My research and campaigning on prostitution and the sex industry has also brought me into contact with many young women who had previously been in care. One told me that the effects of rape by her father that led to her being removed from the family home were compounded by sexual abuse by a care worker. She said that by the time she was 18 and living alone she had been through a "boot camp" for prostitution. ...
Of course not all care home staff have this attitude, and abuse, while still prevalent, has been flagged up as a serious concern since the major inquiries into the problem back in the 1970s and 80s. Many of those who work with looked-after children do a brilliant job in extremely difficult circumstances. But for the 89,000 looked-after children, the care system is simply not good enough."

Sadly, this is not the only case.  There have been cases in Jersey, Ireland, the US and Canada and, I daresay, elsewhere.  Some involved Catholic priests and nuns.

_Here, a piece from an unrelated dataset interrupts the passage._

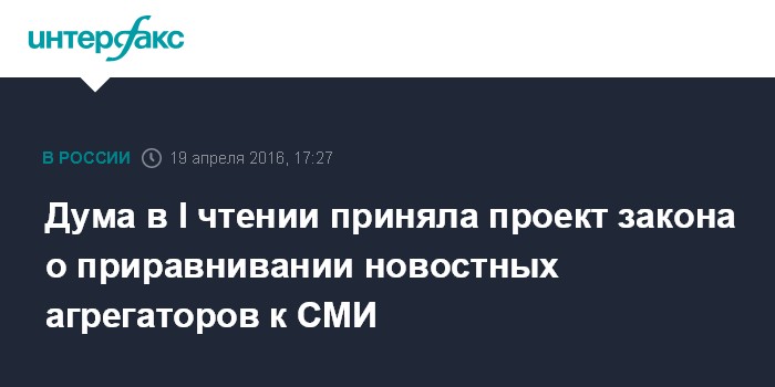 Москва. 19 апреля. INTERFAX.RU - Госдума во вторник приняла в первом чтении законопроект, предлагающий приравнять к СМИ крупные новостные агрегаторы.

So, once again, the Law of Unintended Consequences strikes. By bringing together lots of vulnerable children, care homes become a magnet to the perverse who see it as an easy collection of their targets.

Tuesday, May 8, 2012

UK social welfare



Soon after the Second World War when, surprisingly, the British electorate rejected Churchill and voted overwhelmingly for Labour, the social welfare state was born. The idea was that society should not ignore those who were too poor or ill to look after themselves and that the state (namely the rest of the population) should support them. That was indeed a laudable idea.


Of course following the Law of Unintended Consequences, today some 60 plus years later, Britain is experiencing a very high proportion of welfare recipients who do not work, have not worked, and are unfit for work. And in a large proportion of cases, they are sons and daughters of people who have not earned a living; and in a few cases their grandparents did not earn a living. In other words, Britain has institutionalised a dependency culture amongst some of the have not's who, in other words, are condemned to continue to be have not's generation after generation.

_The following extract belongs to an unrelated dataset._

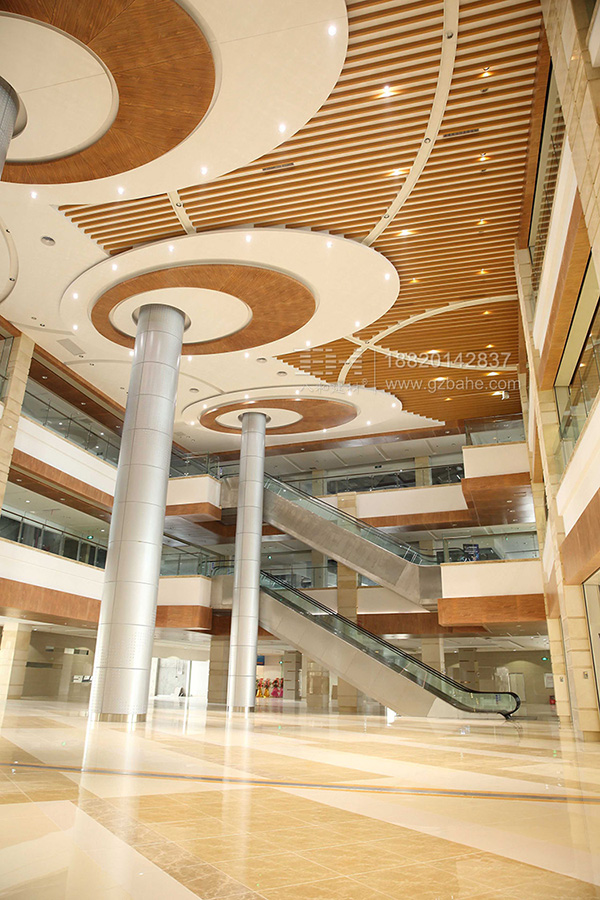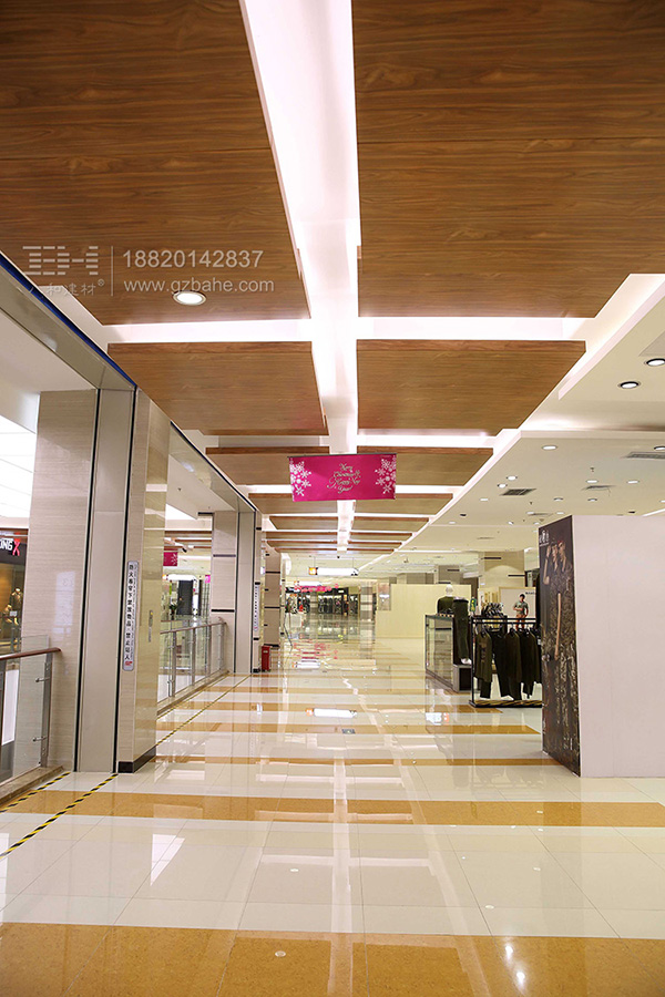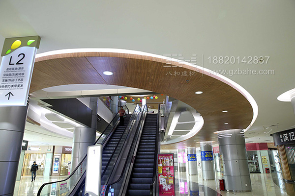 虎門(mén)國(guó)際購(gòu)物中心天花采用了造型木紋鋁單板,木紋鋁方通,在LED等的照亮下,讓整個(gè)購(gòu)物中心充滿(mǎn)了創(chuàng)意的色彩,給逛街的顧客一種高檔購(gòu)物中心的感覺(jué)。

There is an old English saying: "Hell is paved with good intentions." Perhaps the British welfare system is one such.

Friday, May 4, 2012

Hanoi's General Giap's "ah ha" moment

A few years after the US pulled out of Vietnam in 1975, General Giap was reported to have said that he now realised what a mistake the Vietnamese army had made in defeating the US. The reason was that the US only helped those it had defeated, like Germany and Japan, but not those who had won!

See - http://unintend-conseq.blogspot.co.uk/2012/05/general-marshall-and-general-macarthur.html




It was not till 1995, 20 years later that the US and Vietnam restored diplomatic relations and finally US aid and support was forthcoming.

Thursday, May 3, 2012

Sub Prime Mortgages



From CBS News, August 31, 2007: "Would you like a mortgage that lends you more than the value of your house?

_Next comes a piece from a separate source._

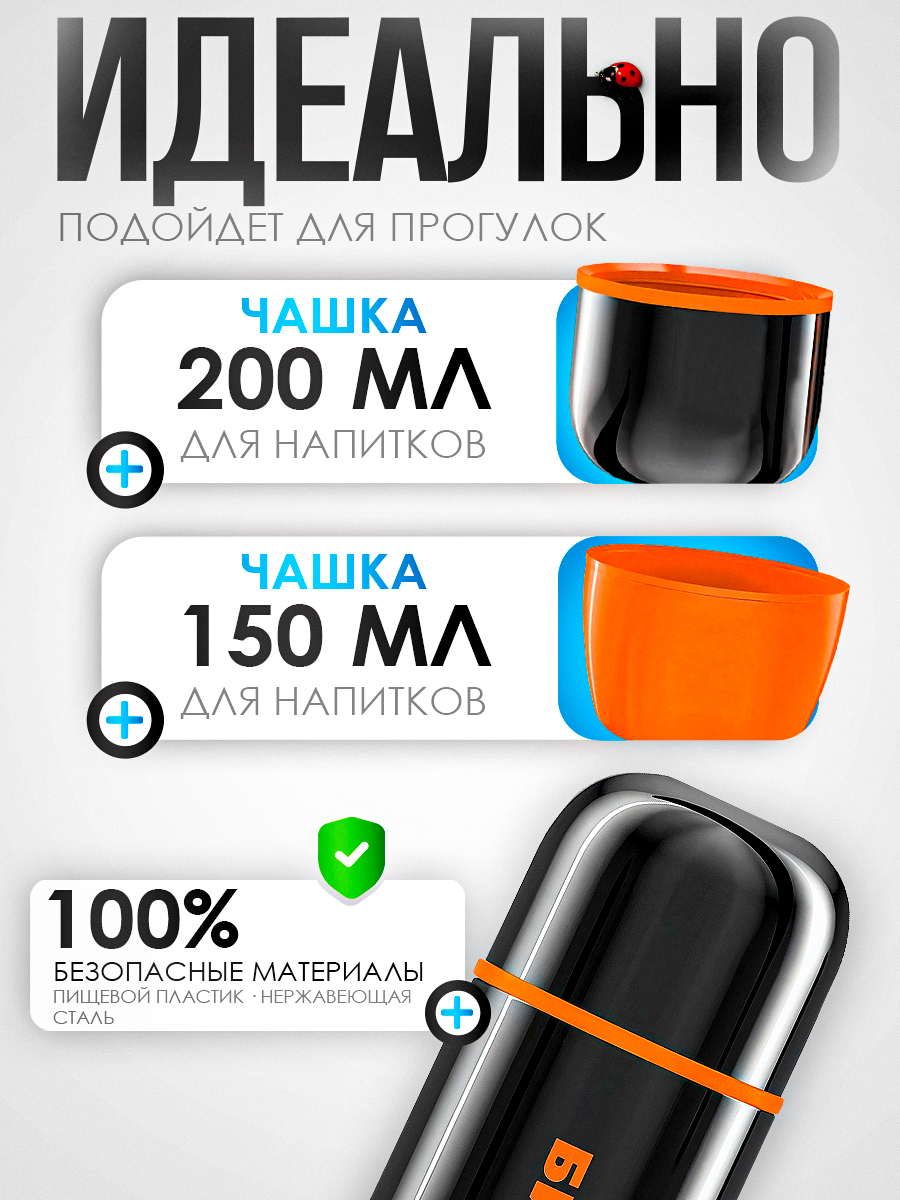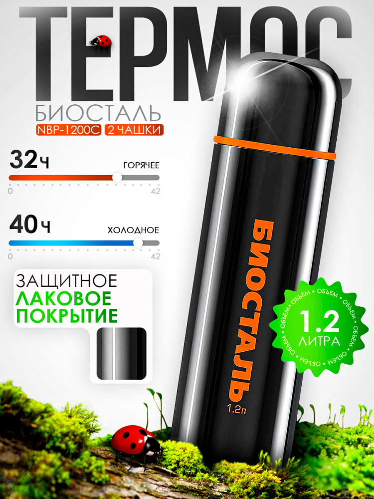 Термос Biostal Спорт NBP-1200C 1,2л (узкое горло, 2 чашки) черный

Would you like it structured so that your first payments are extra low?
If the mortgage weren't structured that way, would you be unable to afford the payments?
Are you convinced that real estate prices will continue to rise?
Do you have a poor credit history?

Congratulations if you answered "Yes" to most or all of those questions! You're an ideal target for a subprime mortgage lender.

Of course, there is a downside amid all the fine print, as hundreds of thousands of American consumers are now finding out. Mortgage delinquencies and foreclosures are way up. Dozens of companies that lent money to anyone with a pulse have gone belly up. And suddenly, some economists are starting to worry that the whole mess could send the U.S. economy into recession."


So, in trying to help the poor Americans to climb up the housing ladder, Fannie Mae and other large mortgage lenders no only caused many of them to lose their houses but triggered a world recession that is still with us four plus years on. Such is a prime (pun intended) example of the law of unintended consequences.